The Centers for Disease Control and Prevention reported last week that there were 3,613,647 births registered in the United States in 2020 and that 1,464,121 of these—or 40.5 percent–were to unmarried mothers.

“The percentage of all births to unmarried women was 40.5% in 2020,”  said the CDC’s “Births: Final Data for 2020” report.

The CDC also reported that 42.0% percent of births in the United States in 2020 were covered by government-funded Medicaid.

Among the 50 states, according to the report’s Supplemental Table I-7, Mississippi had the highest percentage of babies born to unmarried mothers (55.8 percent).

It was followed by Louisiana (54.5 percent); New Mexico (53.2 percent); Nevada (48.8 percent); Alabama (48.5 percent); Delaware (48.1 percent); Florida (47.2 percent); Arkansas (46.8 percent); West Virginia (46.8 percent); and South Carolina (46.6 percent).

Utah had the lowest percentage of babies born in 2020 to unmarried mothers (19.3 percent). Colorado had the second lowest percentage (23.2 percent), followed by Idaho (27.7 percent); Washington (31.6 percent); New Hampshire (32.1 percent); Minnesota (32.6 percent); North Dakota (32.8 percent); Massachusetts (33.0 percent); Nebraska (33.4 percent); and New Jersey and Montana (both at 33.9 percent).



“The percentage of all births to unmarried women was 40.5 percent in 2020, up 1% from 2019 (40.0 percent),” the CDC said in the report published by its National Center for Health Statistics division. “The percentage of all births to unmarried women peaked in 2009 at 41.0 percent.”

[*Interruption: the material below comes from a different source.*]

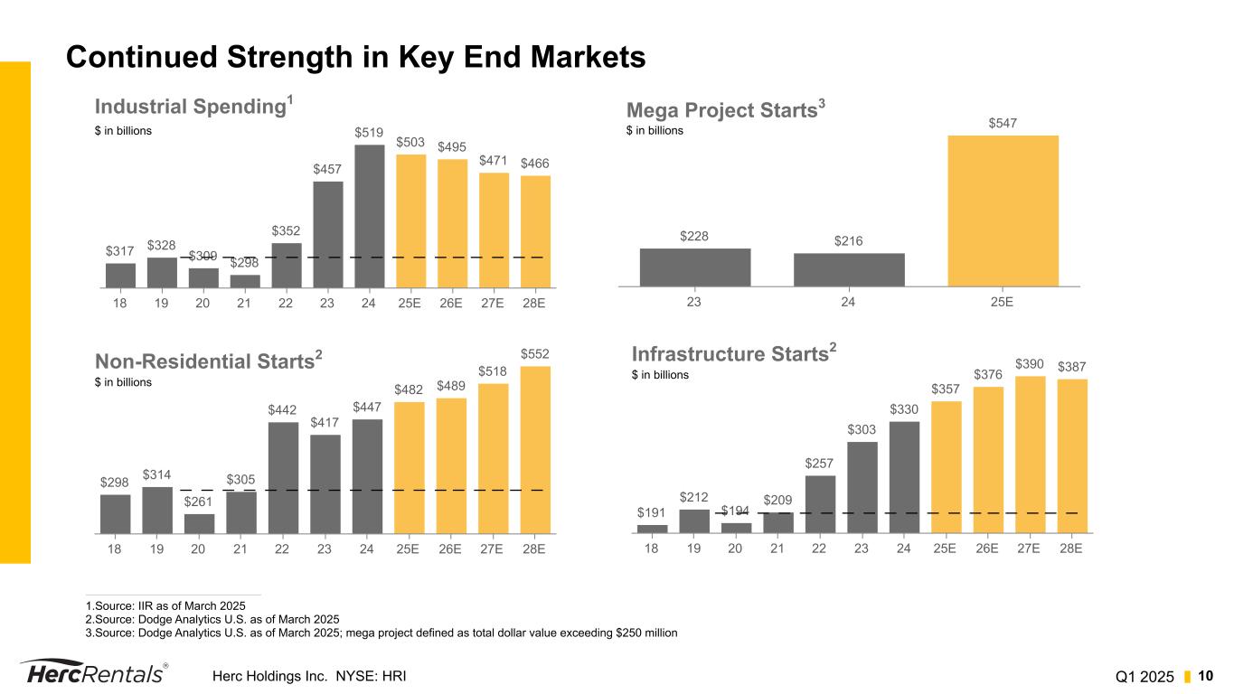 Q1 2025Herc Holdings Inc. NYSE: HRI 9 Optimizing Fleet Mix and Lifecycle Performance 1. Original equipment cost based on ARA guidelines. 2. End fleet as of March 31, 2025, includes Cinelease $167 $344 $366 $200 $74 2024 2025 Q1 Q2 Q3 Q4 Fleet Expenditures at OEC1 $ in millions $150 $139 $199 $235$234 2024 2025 Q1 Q2 Q3 Q4 Fleet Disposals at OEC1 $ in millions 24% 24% 11% 19% 22% • Focus on fleet efficiency: ◦ Disciplined expenditures for rotation, mega projects, specialty equipment ◦ Dispositions to align utilization and cull 2024 acquisition fleet • Q1 25 disposals generated proceeds of ~45% of OEC ◦ Strong execution of sales channel-management strategy ◦ Average age of fleet disposals in the quarter of 88 months • Average fleet age of 47 months at March 31, 2025 $6.9 billion at OEC1,2 Fleet Composition Specialty Aerial Earthmoving Material Handling Other

The CDC has published tables listing the annual number of births and the percentage of babies born to unmarried mothers going back to 1940.

That year, according to the CDC, only 3.8 percent of the babies born in the United States were born to unmarried mothers.

The percentage first topped 4 percent in 1945, when it hit 4.3 percent. It then hit 5.0 percent in 1958 and climbed to 6.3 percent in 1963.

In the mid-1960s it started to spike. In 1965, it hit 7.7 percent. In 1966, it hit 8.4 percent. In 1967, it hit 9.0 percent. Then, in 1969, it hit 10.0 percent for the first time.

In 1983, it topped 20 percent for the first time, hitting 20.3 percent. In 1992, it topped 30 percent for the first time, hitting 30.1 percent. In 2008, it topped 40 percent for the first time, hitting 40.6 percent.

In the twelve years on record since 2008 (2009-2020), it has only dropped below 40 percent in three years. In 2016 and 2017, it was 39.8 percent. Then in 2018, it dropped to 39.6 percent—before climbing back to 40.0 percent in 2019 and 40.5 percent in 2020.

“Medicaid was the source of payments for 42.0 percent of all 2020 births,” said the CDC report.

That, the CDC report noted was down from 42.1 percent in 2019.

“The principle source of payment for the delivery of most births in 2020 continued to be either private insurance or Medicaid,” said the report, “however, the percentage of births covered by private insurance increased from 2019 (from 50.2% to 50.6%), and the percentage of births covered by Medicaid declined (from 42.1% to 42.0%).”

“Authorized by Title XIX of the Social Security Act, Medicaid was signed into law in 1965 alongside Medicare,” says the website. “All states, the District of Columbia, and the U.S. territories have Medicaid programs designed to provide health coverage for low-income people. Although the Federal government establishes certain parameters for all states to follow, each state administers their Medicaid program differently, resulting in variations in Medicaid coverage across the country.”